◆ Goal of the exercise ◆
For this exercise, restate word for word only the lines from the one containing "The Kinsmen Sports Centre is a" through the last line below. Pictures do not get copied.
━━━━━ Task material
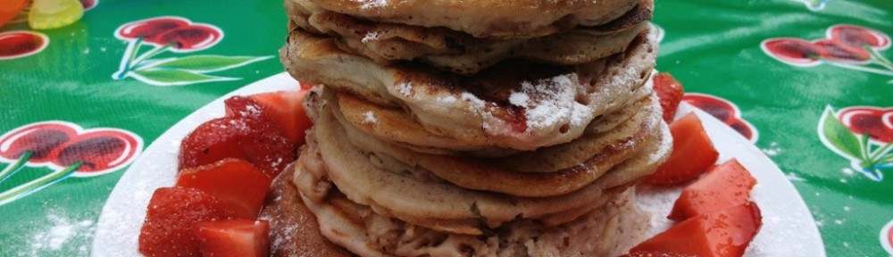 Laat de pancakes op middelhoog vuur bakken tot er belletjes aan de oppervlakte van de pancakes ontstaan. De randen moeten al een beetje stevig worden, de rest van het beslag bubbelig maar nog helemaal nat. Flip de pancakes om en bak ze nog ongeveer 1-2 minuten tot ze stevig voelen als je er op drukt. Maak zo net zoveel pancakes tot je beslag op is en stapel ze op het bord. Je kan ze met extra aardbeien, poedersuiker en eventueel wat yoghurt serveren. Wij hebben hier een eigen decoratieteam. Eet smakelijk!
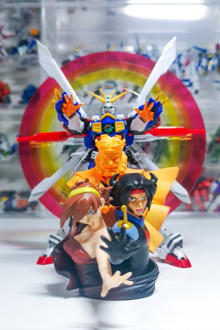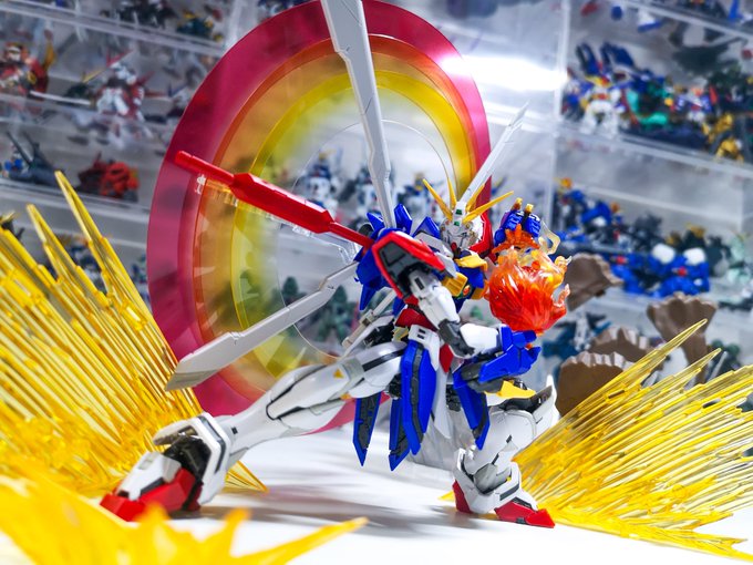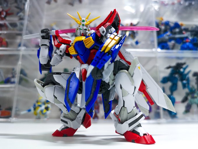 RGゴッドガンダム完成しました! ディテール掘り直しを行い最低限のディティールアップを行いRGの造形を生かせるような塗装を意識しました。 2期OPで印象的な腕組ポーズを再現するためにコーナーポストを3Dプリンタで自作しました(1/2) #RGゴッドガンダム #ガンプラ
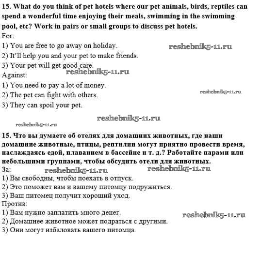 Готовая домашняя работа с ответами по Английскому языку за 8 класс Афанасьева, Михеева Рабочая тетрадь Новый курс Часть 1, 2 Дрофа 2017 ФГОС - Unit 3. Living Things around Us 15
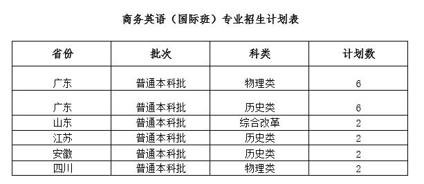 本项目通过普通高考招生,本科录取专业为云顶国际vip.888商务英语(国际班),总计划20人。
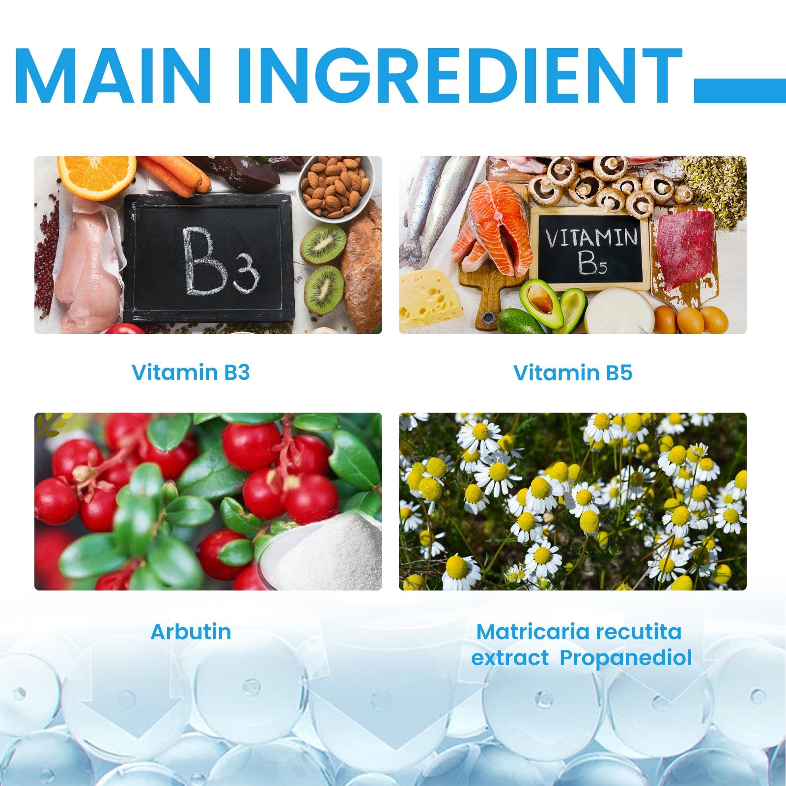 Matricaria recutita-extract: Bevat flavonoïden, aminozuren en andere ingrediënten, waardoor het de stofwisseling in de opperhuid en de hoornlaag van de huid kan reguleren. Het wordt gebruikt als voedingsadditief in dit serum om een ruwe huid te voorkomen, de opperhuid slijmvliezen te beschermen tegen bacteriën en het evenwicht tussen vocht en olie in de huid te reguleren.
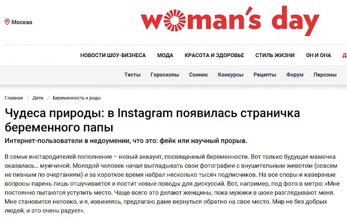 Инстаграм беременного мужчины привлек не только зрителей, но и заинтересовал популярные СМИ.
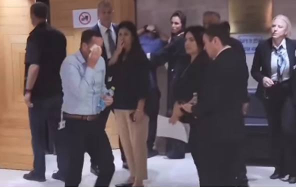 Ένα βίντεο που αναρτήθηκε από έναν δημοσιογράφο του I24 δείχνει κάποιους βουλευτές εμφανώς αναστατωμένους να ξεσπούν σε κλάματα στον διάδρομο της Κνεσέτ έξω από την αίθουσα προβολής.
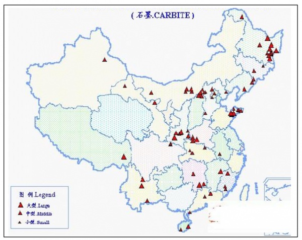我國天然石墨資源主要分布在河南、山東、四川、湖南、內蒙古和黑龍江等地。這幾個地區的已探明資源儲量占全國的91%左右。
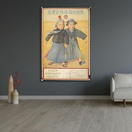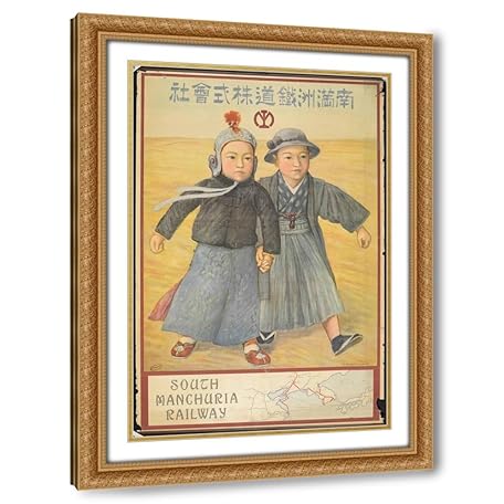 ArtDirect Minami Manshu Tetsudo Kabushiki Kaisha = South Manchuria Railway (Two Boys) Custom Framed Art Print Giclee Print or Canvas Options with Various Sizes and Customization by Nagahara Kōtarō (aka Shisui)
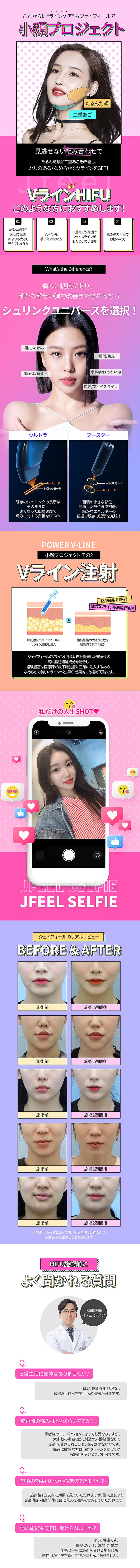 たるみや脂肪のお悩みを改善してすっきりフェイスラインに ジェイフィールの小顔Vラインプロジェクト 高周波や超音波などさまざまな機器をご用意 個人の肌タイプやお悩みに合ったリフトアップ施術が可能 肌質や骨格などを把握して分析したのち 部位別にショット数や強度をデザイン
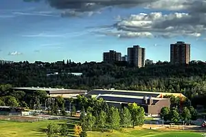 The Kinsmen Sports Centre is a multi-purpose sport and recreation facility located in Edmonton, Alberta, Canada. The land surrounding the facility is called Kinsmen Park, part of Edmonton's city-long North Saskatchewan River valley parks system.[1] Its namesake is the Kinsmen, a service organization. The Kinsmen Sports Centre is owned by the City of Edmonton and operated by the Community Services Department. It was the competition site for the 2005 World Masters Games diving, swimming, synchronized swimming and table tennis.[2]
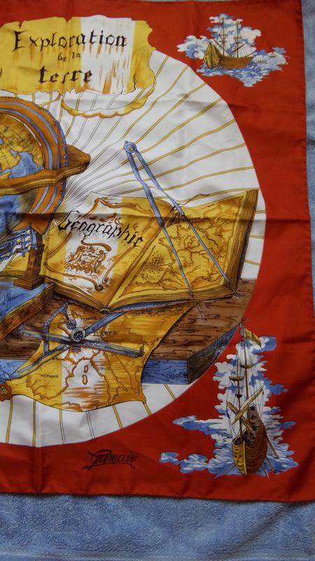 Очень интересный дизайн платка. Состояние отличное, без дефектов Основной фон ближе к кирпичному. Бирка срезана Размер 77*77 Состав: Полиэстер
━━━━━━━━━━
◆ Your response ◆
 The Kinsmen Sports Centre is a multi-purpose sport and recreation facility located in Edmonton, Alberta, Canada. The land surrounding the facility is called Kinsmen Park, part of Edmonton's city-long North Saskatchewan River valley parks system.[1] Its namesake is the Kinsmen, a service organization. The Kinsmen Sports Centre is owned by the City of Edmonton and operated by the Community Services Department. It was the competition site for the 2005 World Masters Games diving, swimming, synchronized swimming and table tennis.[2]
 Очень интересный дизайн платка. Состояние отличное, без дефектов Основной фон ближе к кирпичному. Бирка срезана Размер 77*77 Состав: Полиэстер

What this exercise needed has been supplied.